Work to be completed: Would you retype the line that contains "パンツ 男性用 9分丈" and all lines following it to the end of the entries below, exactly and without pictures?
* * * * * * *
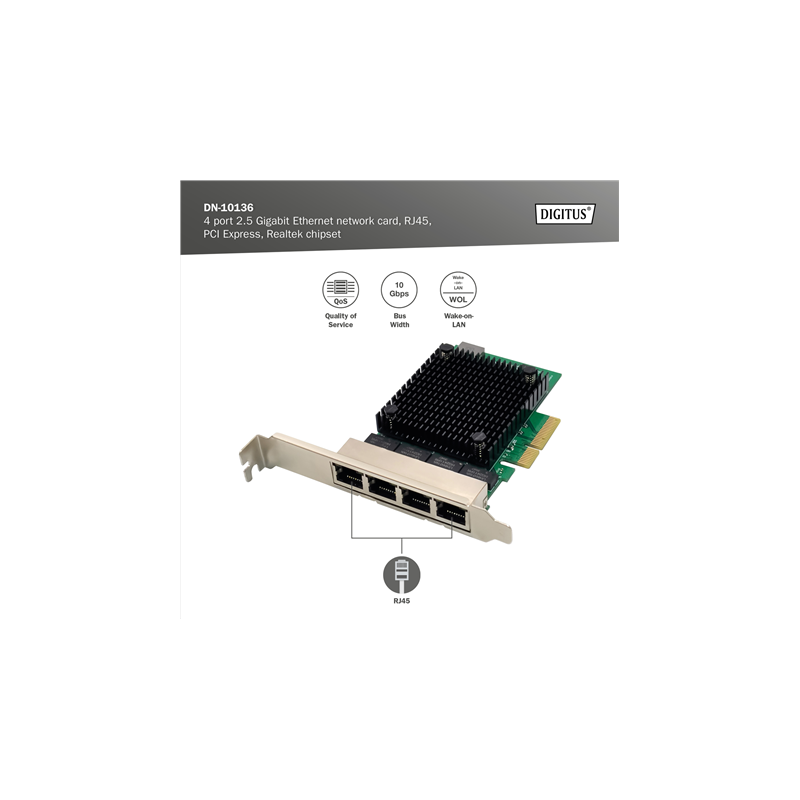 Digitus DN-10136 4-Port RJ45 RTL8125B, 2.5 GBits Server NIC
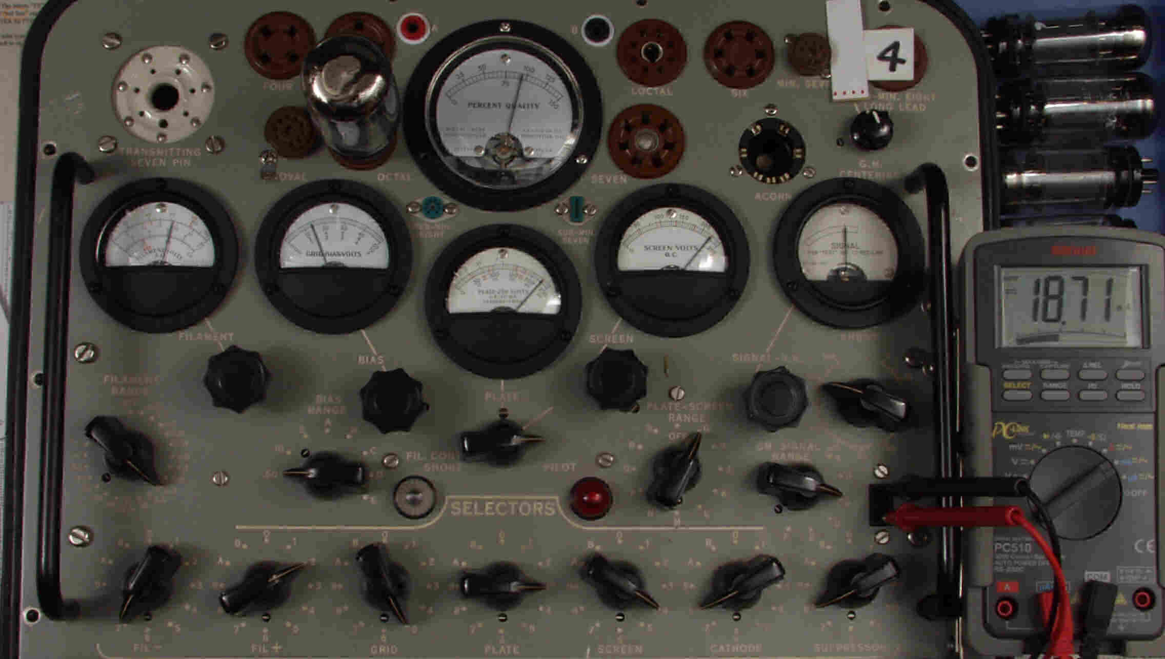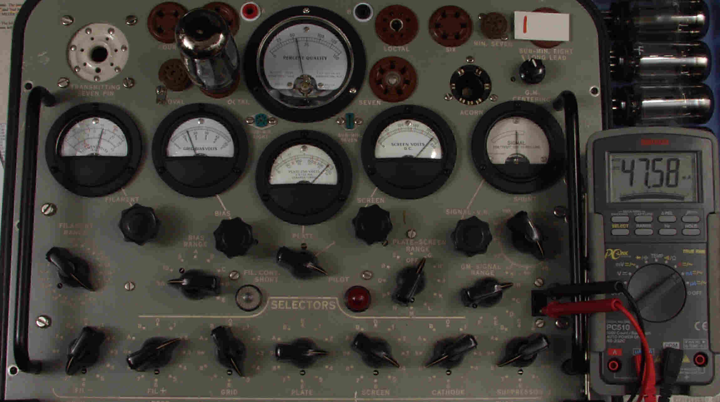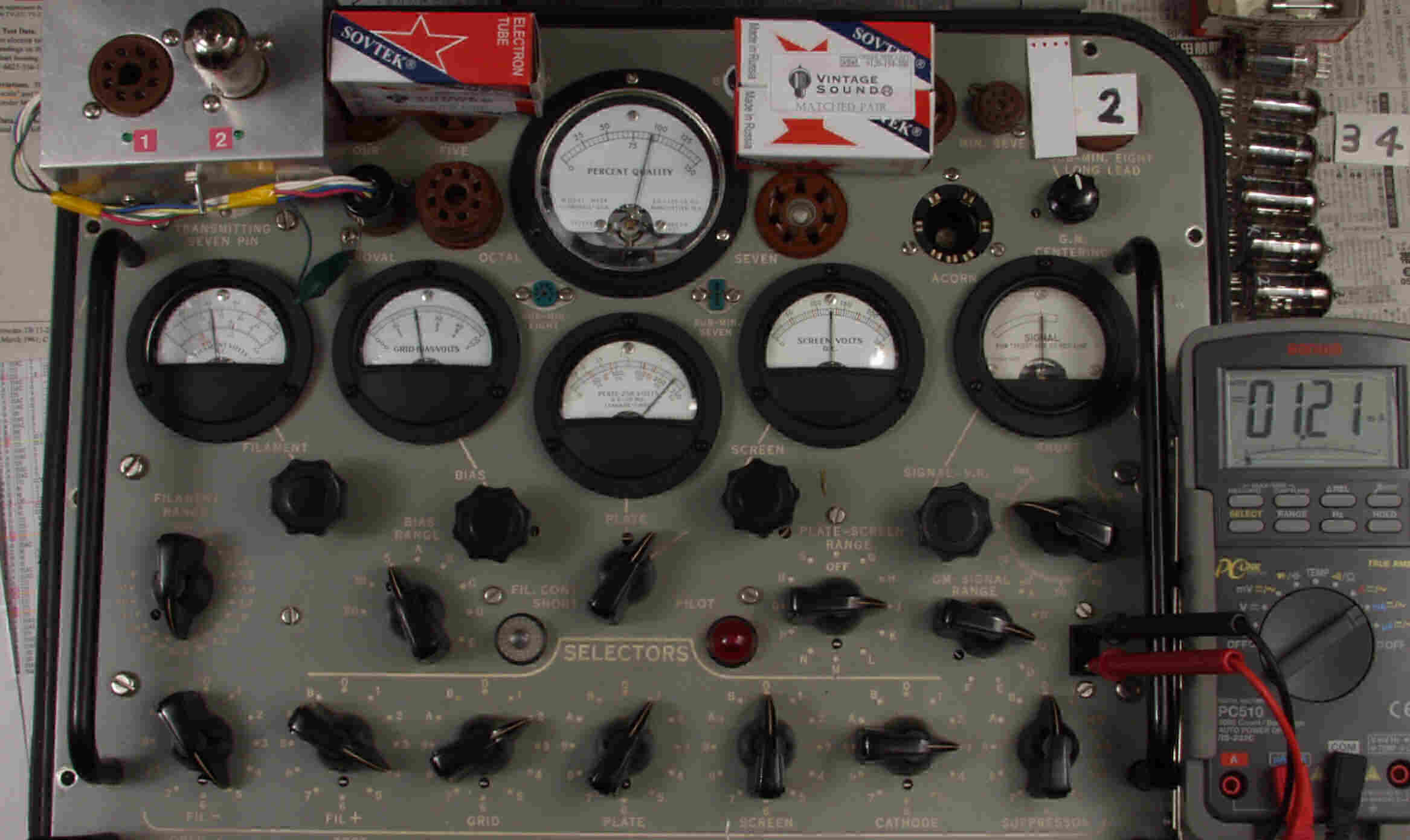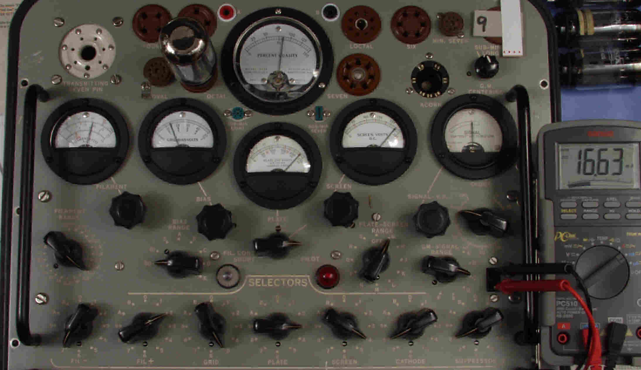 | CA10. 付属。 MESA STR 12AX7−A。 真空管ハンドブック(規格表)の値。 Dレンジ=1500μmhoレンジでの測定、「Ep=225V、Eg1=−2V」。 相互コンダクタンス=1600μmho「Ep=250V、Eg1=−2V」(1960/1962ナショナル真空管ハンドブックより)、(インプレス オーディオ用真空管マニアルより)、(RC−26、RC−30 Receiving Tube Manualより) MESA STR 12AX7−A。 左から1本目..4本目。 |
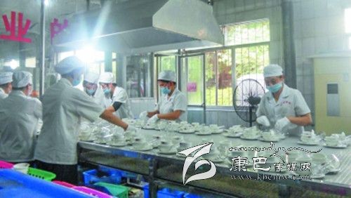 經(jīng)過消毒后,筷子會被最先單獨分出,獨立包裝,由專人負責(zé)。其余餐具被送到傳送帶上,由工人分工負責(zé)擺餐具,盤子在下,碗勺在上,按照包裝要求擺好。
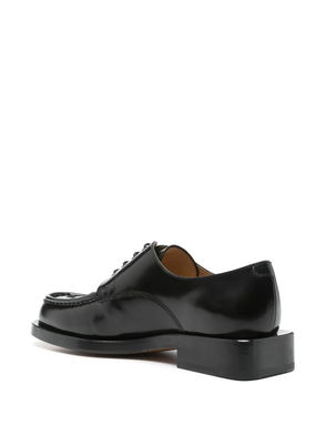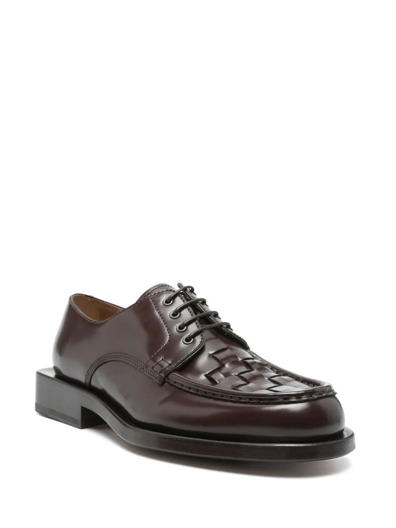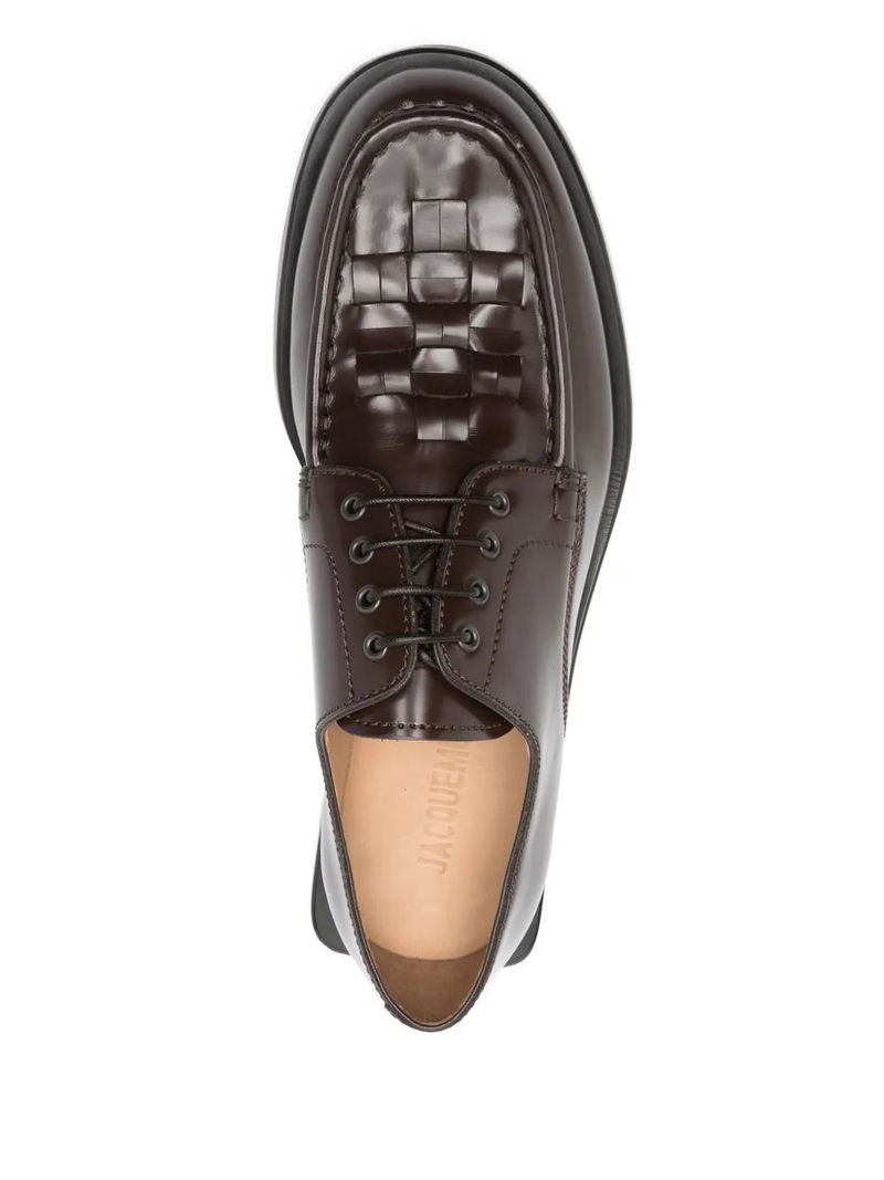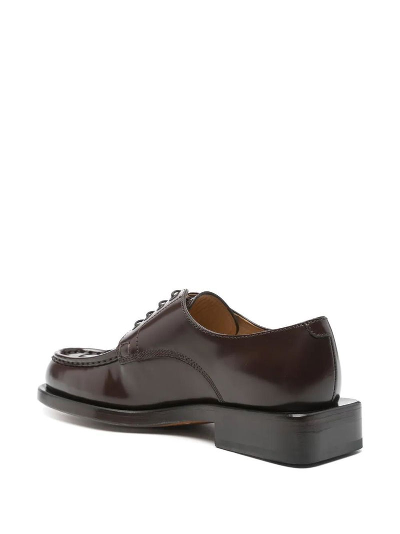 chocolate brown front lace-up fastening leather sole branded leather insole almond toe
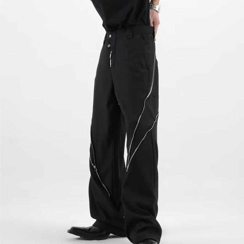 パンツ 男性用 9分丈 ストレートパンツ ブラック 高街 カーゴパンツ ジッパー hiphop 伸縮性 普段使い リラックス ウェア
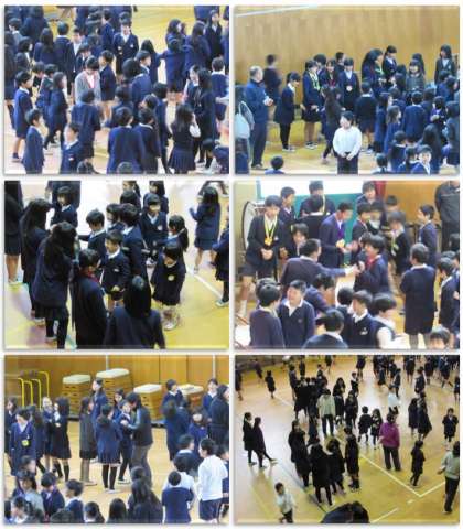 プログラム8番は、集会委員会によるゲームです。集会委員の指示に従って、6年生とハイタッチをしたり、じゃんけんをしたり、好きな果物を聞いたりしました。
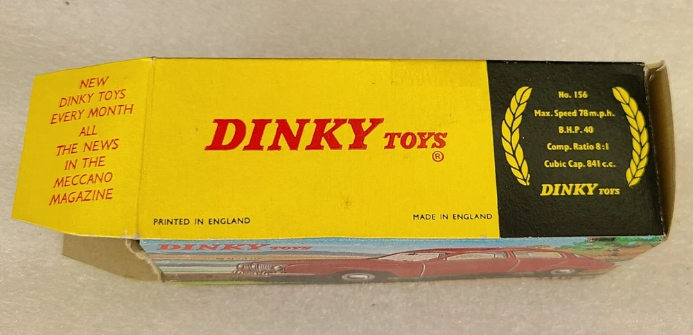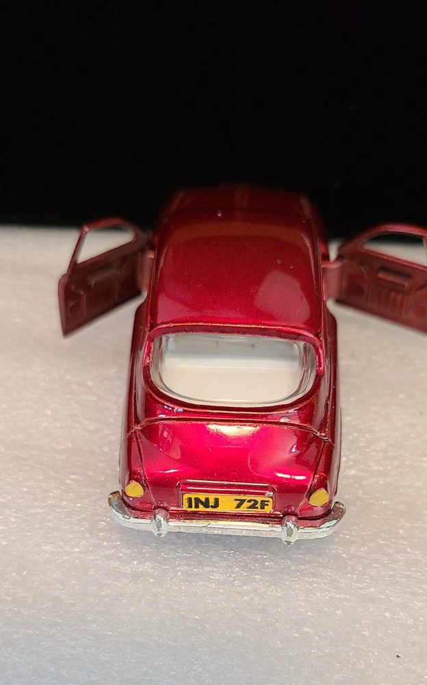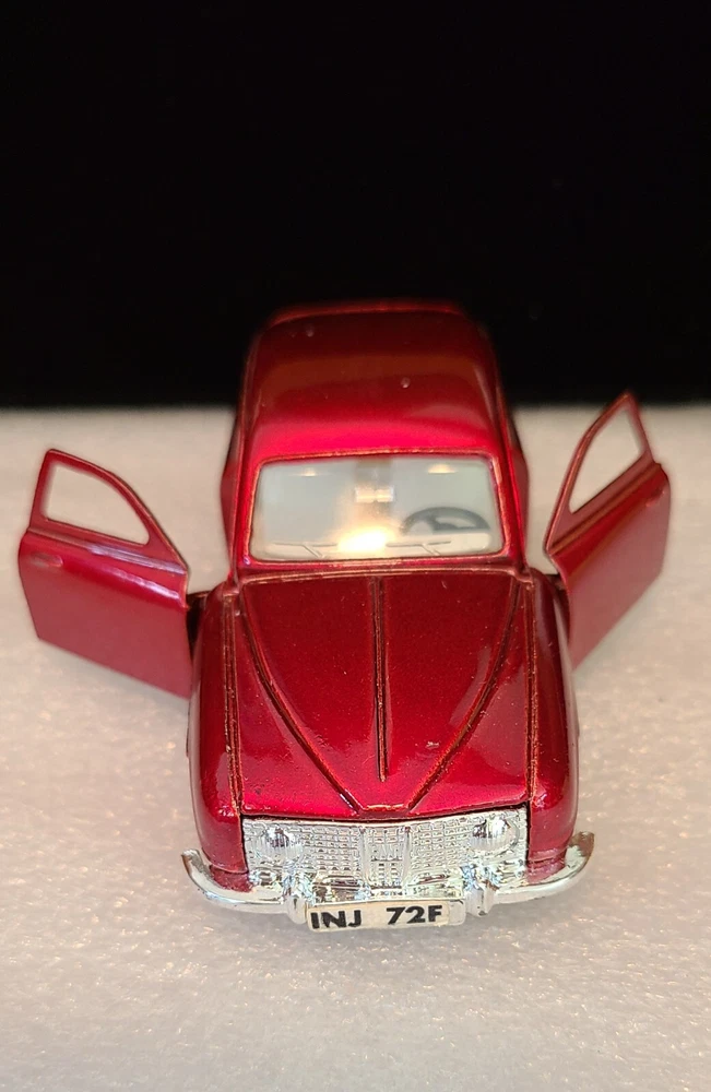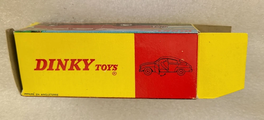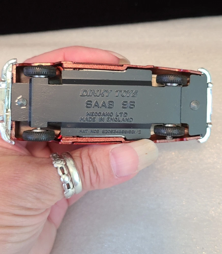 Dinky 95 Saab die cast car, No. I56, with opening front doors and tipping seats. Red paint in very good condition. Original box included.
* * * * * * *
Output:
 パンツ 男性用 9分丈 ストレートパンツ ブラック 高街 カーゴパンツ ジッパー hiphop 伸縮性 普段使い リラックス ウェア
 プログラム8番は、集会委員会によるゲームです。集会委員の指示に従って、6年生とハイタッチをしたり、じゃんけんをしたり、好きな果物を聞いたりしました。
 Dinky 95 Saab die cast car, No. I56, with opening front doors and tipping seats. Red paint in very good condition. Original box included.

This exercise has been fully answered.